Return all of the data verbatim, dropping any picture.

# Given information:

□ □ □ □ □ □ □

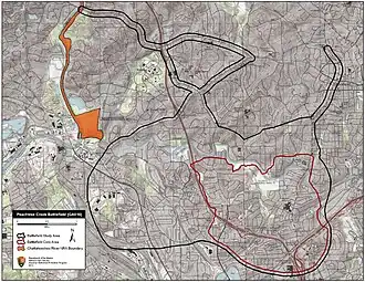 The battlefield is now largely lost to urban development. Tanyard Creek Park[15] occupies what was near the center of the battle and contains several memorial markers. Peachtree Battle Avenue commemorates the battle. All are located in the western part of Buckhead, the northern section of the city which was annexed in 1952. The play Peachtree Battle is a comedy about life in the upscale area.[16]
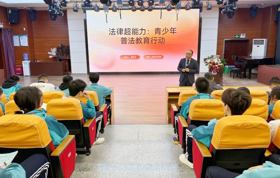 学校邀请陕西众致律师事务所青年律师贾发令来校开展专题讲座,围绕未成年人保护、防范校园欺凌等热点问题以案释法,引导学生学会用法律武器保护自己。
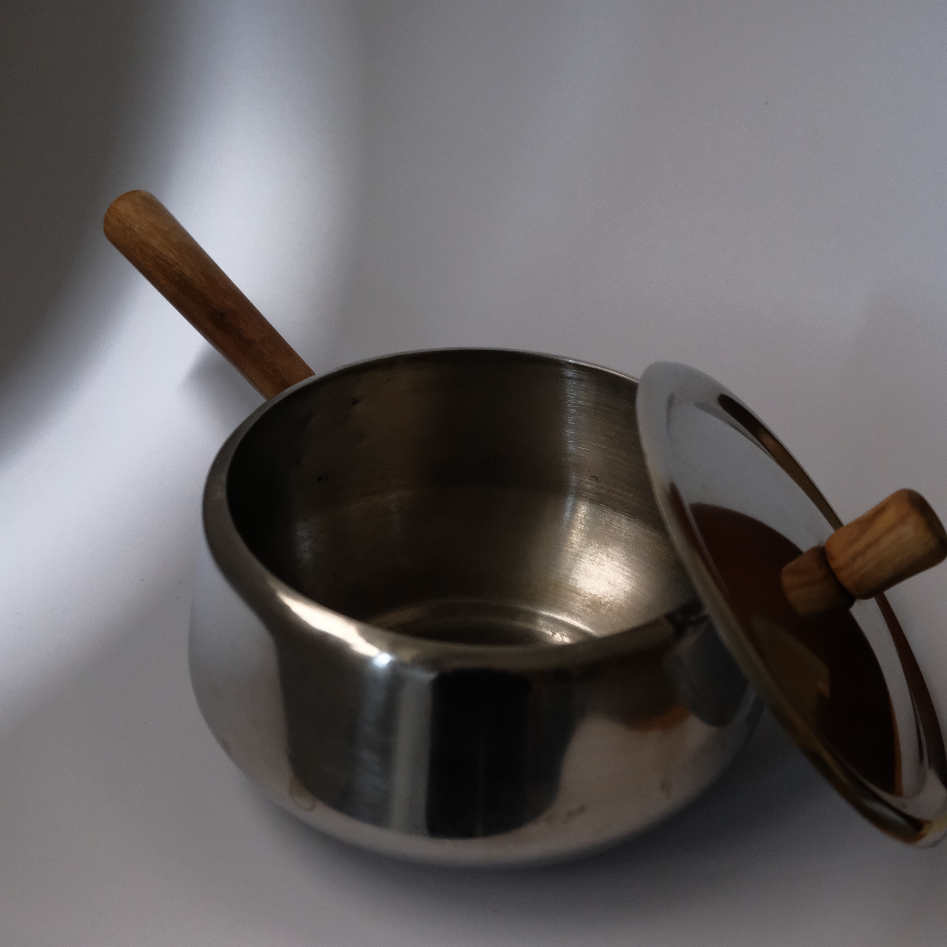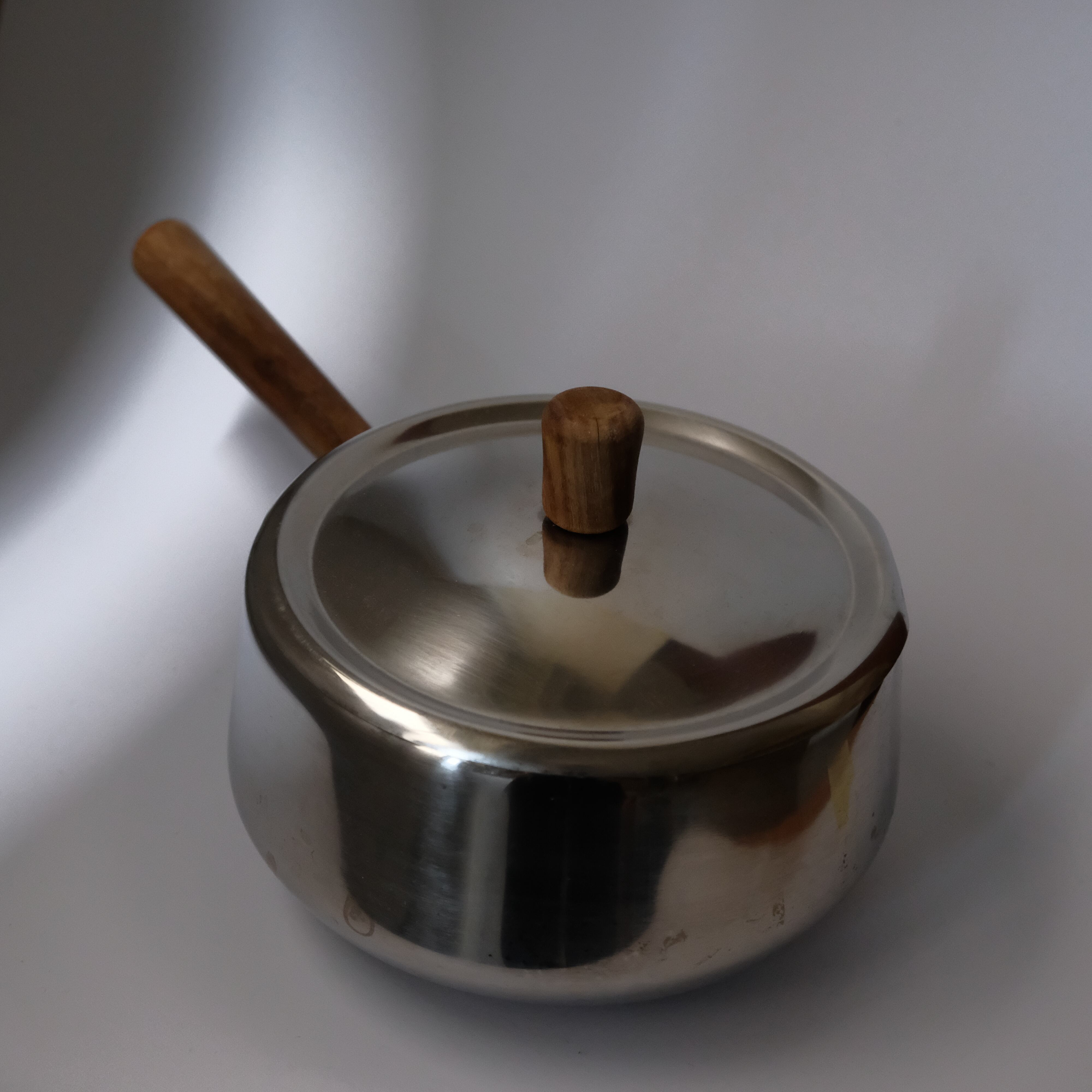 オランダで見つけた、ヴィンテージの蓋つきステンレス鍋。木製の持ち手がついています。

□ □ □ □ □ □ □

# Result for this exercise:
 The battlefield is now largely lost to urban development. Tanyard Creek Park[15] occupies what was near the center of the battle and contains several memorial markers. Peachtree Battle Avenue commemorates the battle. All are located in the western part of Buckhead, the northern section of the city which was annexed in 1952. The play Peachtree Battle is a comedy about life in the upscale area.[16]
 学校邀请陕西众致律师事务所青年律师贾发令来校开展专题讲座,围绕未成年人保护、防范校园欺凌等热点问题以案释法,引导学生学会用法律武器保护自己。
 オランダで見つけた、ヴィンテージの蓋つきステンレス鍋。木製の持ち手がついています。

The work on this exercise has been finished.